> [WORK ORDER]:
Below are some records; output exactly the lines from the line with "Tapeta Kolorowe Zawilce, Jaskry" to the line with "點擊「常見問題」後,Note", both ends kept, and nothing more.

> [TASK INPUTS]:
=-=-=-=-=

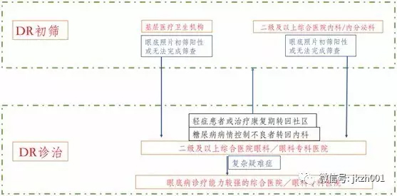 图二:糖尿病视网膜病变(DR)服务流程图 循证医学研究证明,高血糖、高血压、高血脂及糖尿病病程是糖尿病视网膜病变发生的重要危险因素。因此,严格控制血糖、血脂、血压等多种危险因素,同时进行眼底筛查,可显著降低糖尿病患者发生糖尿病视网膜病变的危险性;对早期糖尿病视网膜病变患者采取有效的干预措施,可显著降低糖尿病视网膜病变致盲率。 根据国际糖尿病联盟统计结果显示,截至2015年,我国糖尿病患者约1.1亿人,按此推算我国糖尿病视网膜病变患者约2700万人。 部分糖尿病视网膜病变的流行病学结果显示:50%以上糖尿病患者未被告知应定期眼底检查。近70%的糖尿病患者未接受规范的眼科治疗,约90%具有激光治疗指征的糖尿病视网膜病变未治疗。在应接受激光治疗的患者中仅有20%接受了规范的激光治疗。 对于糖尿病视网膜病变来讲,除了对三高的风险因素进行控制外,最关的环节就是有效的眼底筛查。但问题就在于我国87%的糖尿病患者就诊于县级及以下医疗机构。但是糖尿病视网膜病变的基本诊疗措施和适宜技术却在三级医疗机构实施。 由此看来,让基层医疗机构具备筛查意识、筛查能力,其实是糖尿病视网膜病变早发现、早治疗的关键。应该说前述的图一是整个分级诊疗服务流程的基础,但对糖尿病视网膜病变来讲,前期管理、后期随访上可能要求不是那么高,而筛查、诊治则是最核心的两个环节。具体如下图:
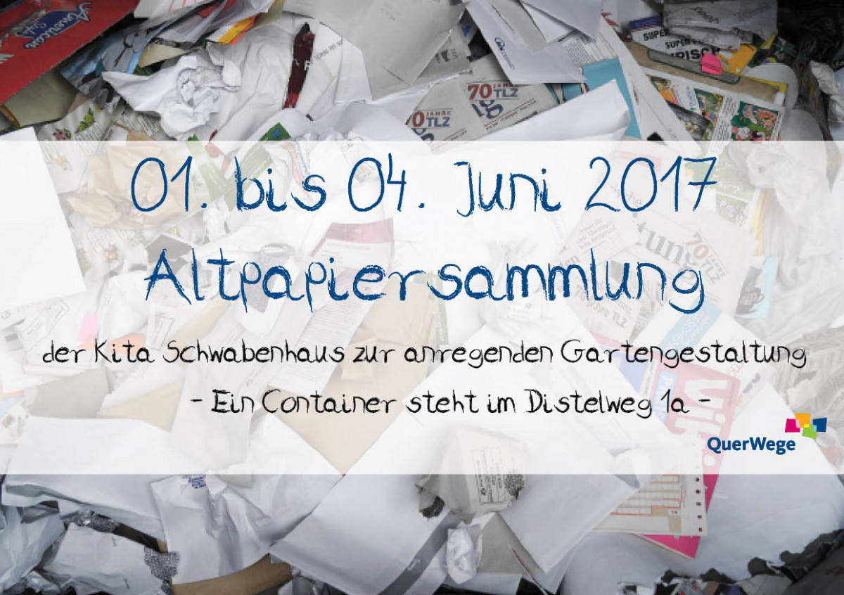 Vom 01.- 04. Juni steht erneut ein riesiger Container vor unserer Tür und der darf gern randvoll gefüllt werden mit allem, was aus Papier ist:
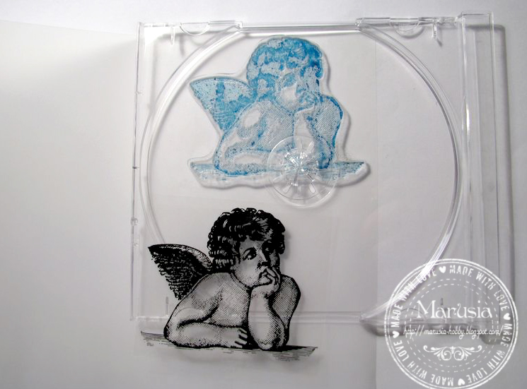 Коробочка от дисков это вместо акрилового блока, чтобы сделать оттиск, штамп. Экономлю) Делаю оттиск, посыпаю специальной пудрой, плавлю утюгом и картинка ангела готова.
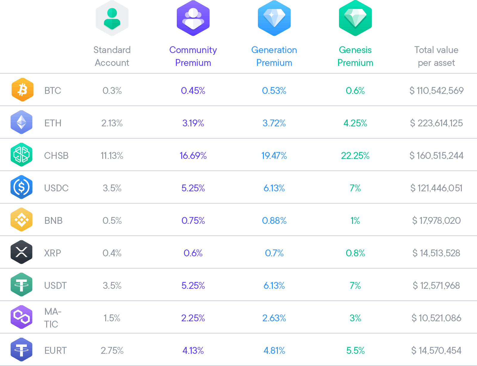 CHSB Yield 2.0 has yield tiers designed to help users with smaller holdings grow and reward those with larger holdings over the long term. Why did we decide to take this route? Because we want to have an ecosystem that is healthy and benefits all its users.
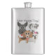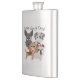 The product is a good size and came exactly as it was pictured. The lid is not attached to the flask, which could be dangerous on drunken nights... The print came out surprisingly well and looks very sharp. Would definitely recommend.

=-=-=-=-=

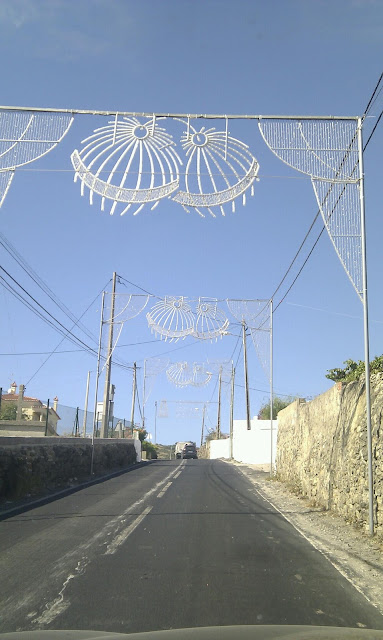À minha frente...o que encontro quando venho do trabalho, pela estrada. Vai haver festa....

=-=-=-=-=

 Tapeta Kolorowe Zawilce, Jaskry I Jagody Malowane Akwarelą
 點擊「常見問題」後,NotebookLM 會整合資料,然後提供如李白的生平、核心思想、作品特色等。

=-=-=-=-=

> [RESPONSE TO THIS TASK]:
 Tapeta Kolorowe Zawilce, Jaskry I Jagody Malowane Akwarelą
 點擊「常見問題」後,NotebookLM 會整合資料,然後提供如李白的生平、核心思想、作品特色等。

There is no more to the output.